***** Data for processing *****
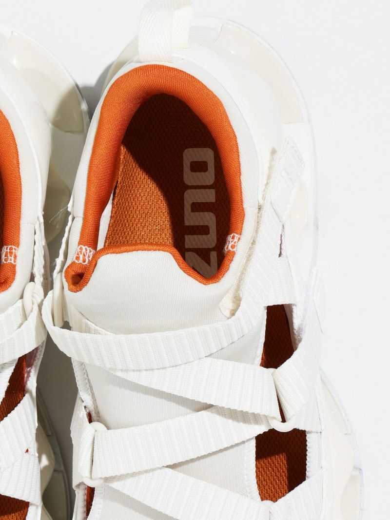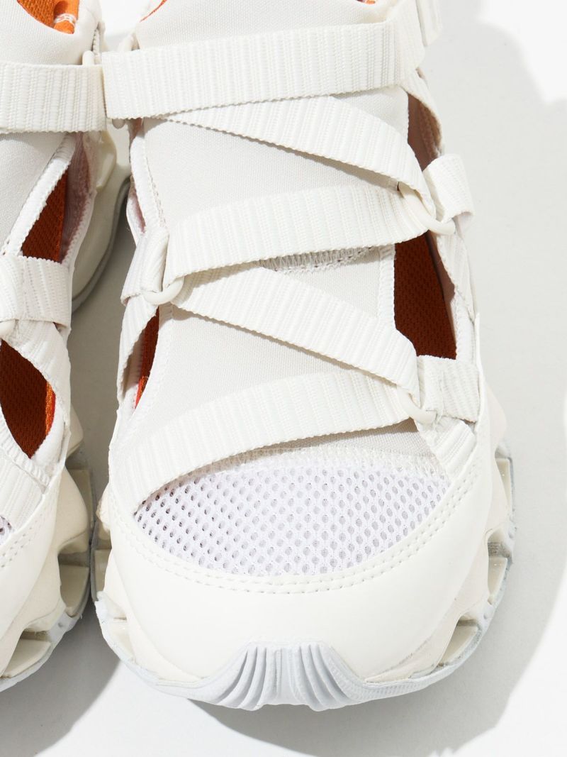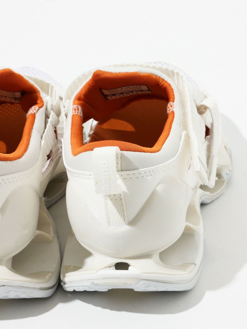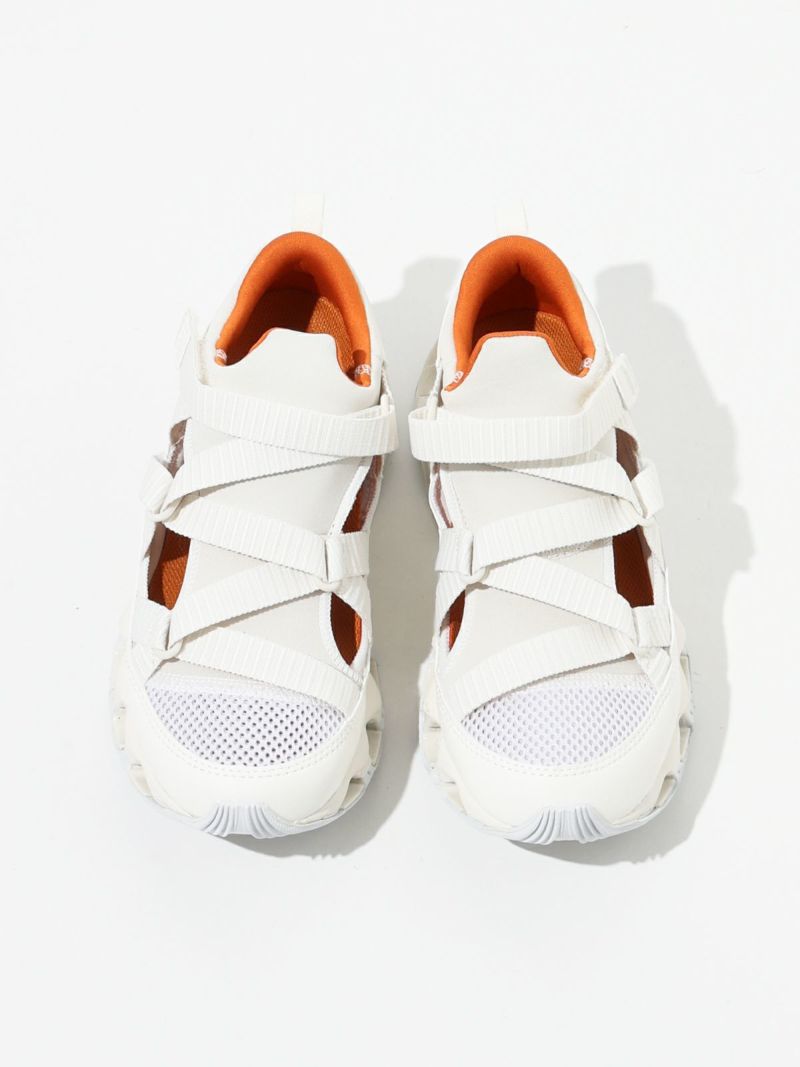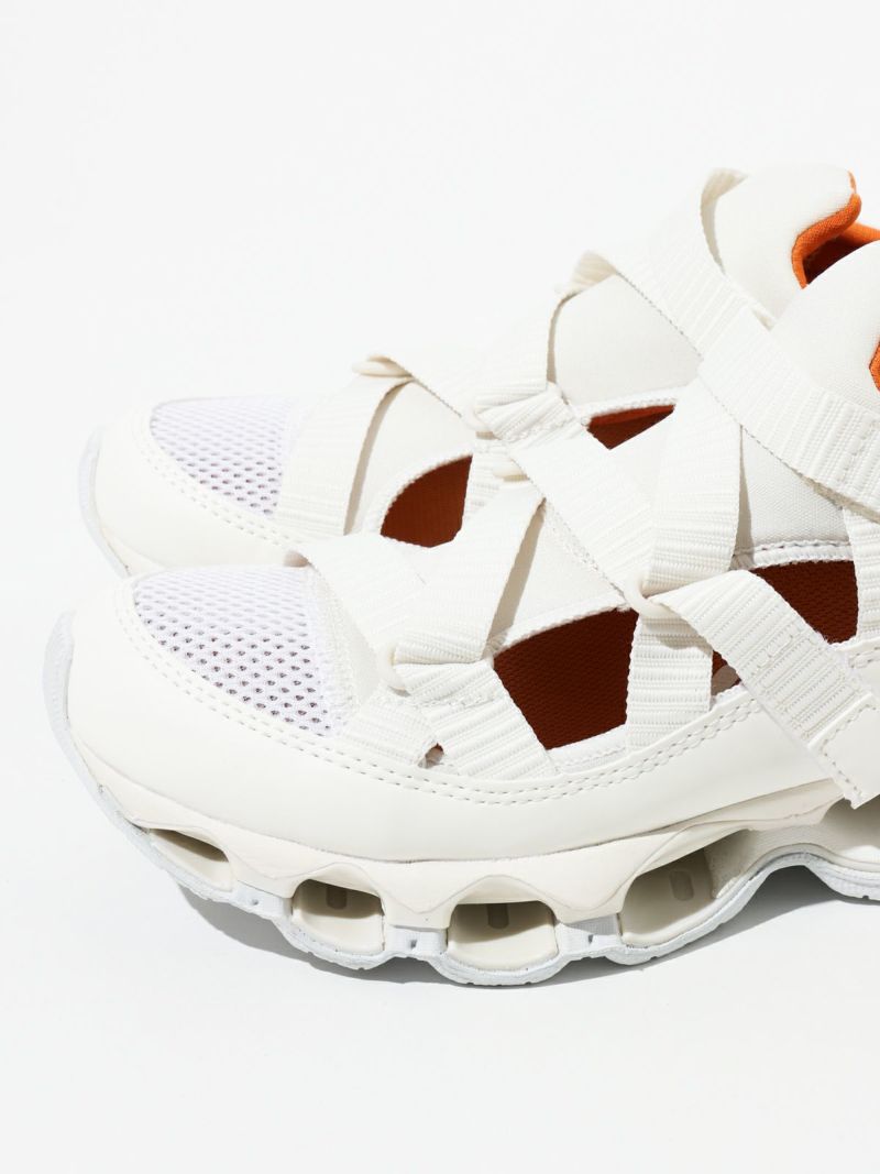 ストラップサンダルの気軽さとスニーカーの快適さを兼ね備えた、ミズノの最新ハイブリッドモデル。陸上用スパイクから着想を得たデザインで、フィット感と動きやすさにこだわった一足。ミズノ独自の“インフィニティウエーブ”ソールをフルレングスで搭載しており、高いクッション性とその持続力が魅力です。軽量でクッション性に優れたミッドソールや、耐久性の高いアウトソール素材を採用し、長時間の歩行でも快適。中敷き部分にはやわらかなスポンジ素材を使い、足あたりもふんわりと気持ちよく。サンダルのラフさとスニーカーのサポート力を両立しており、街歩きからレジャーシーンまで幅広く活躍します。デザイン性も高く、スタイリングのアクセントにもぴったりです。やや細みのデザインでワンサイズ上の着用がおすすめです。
*****
***** Data for processing *****
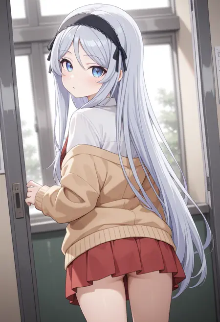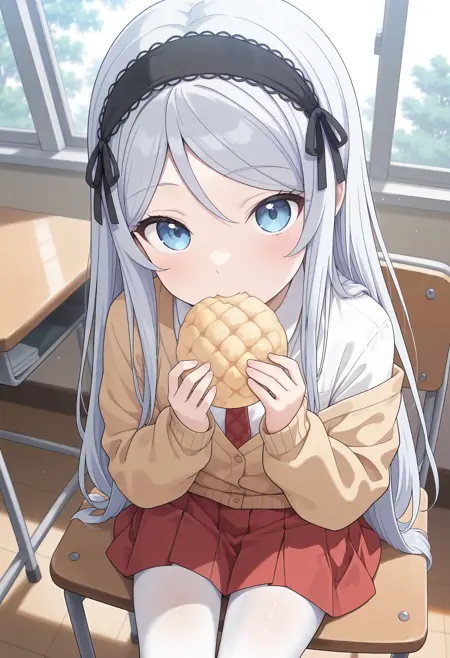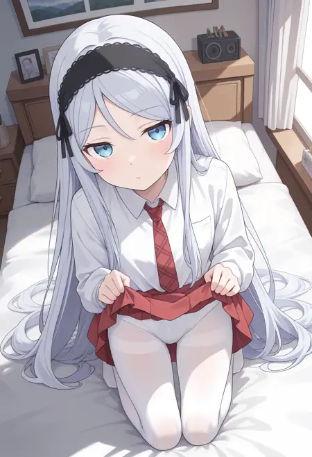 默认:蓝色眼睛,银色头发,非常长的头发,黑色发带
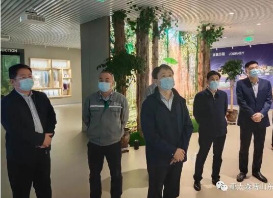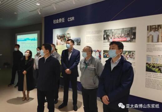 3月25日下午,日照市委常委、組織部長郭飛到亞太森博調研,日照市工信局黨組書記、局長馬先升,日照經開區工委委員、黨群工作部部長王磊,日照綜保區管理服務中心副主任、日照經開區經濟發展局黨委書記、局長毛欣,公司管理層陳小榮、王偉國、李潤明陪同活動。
*****
Problem requirements
In the listing above, find the line with "默认:蓝色眼睛,银色头发,非常长的头发,黑色发带" and the line with "3月25日下午,日照市委常委". Copy both of them and every line between, exactly, but not the pictures.

Result below
 默认:蓝色眼睛,银色头发,非常长的头发,黑色发带
 3月25日下午,日照市委常委、組織部長郭飛到亞太森博調研,日照市工信局黨組書記、局長馬先升,日照經開區工委委員、黨群工作部部長王磊,日照綜保區管理服務中心副主任、日照經開區經濟發展局黨委書記、局長毛欣,公司管理層陳小榮、王偉國、李潤明陪同活動。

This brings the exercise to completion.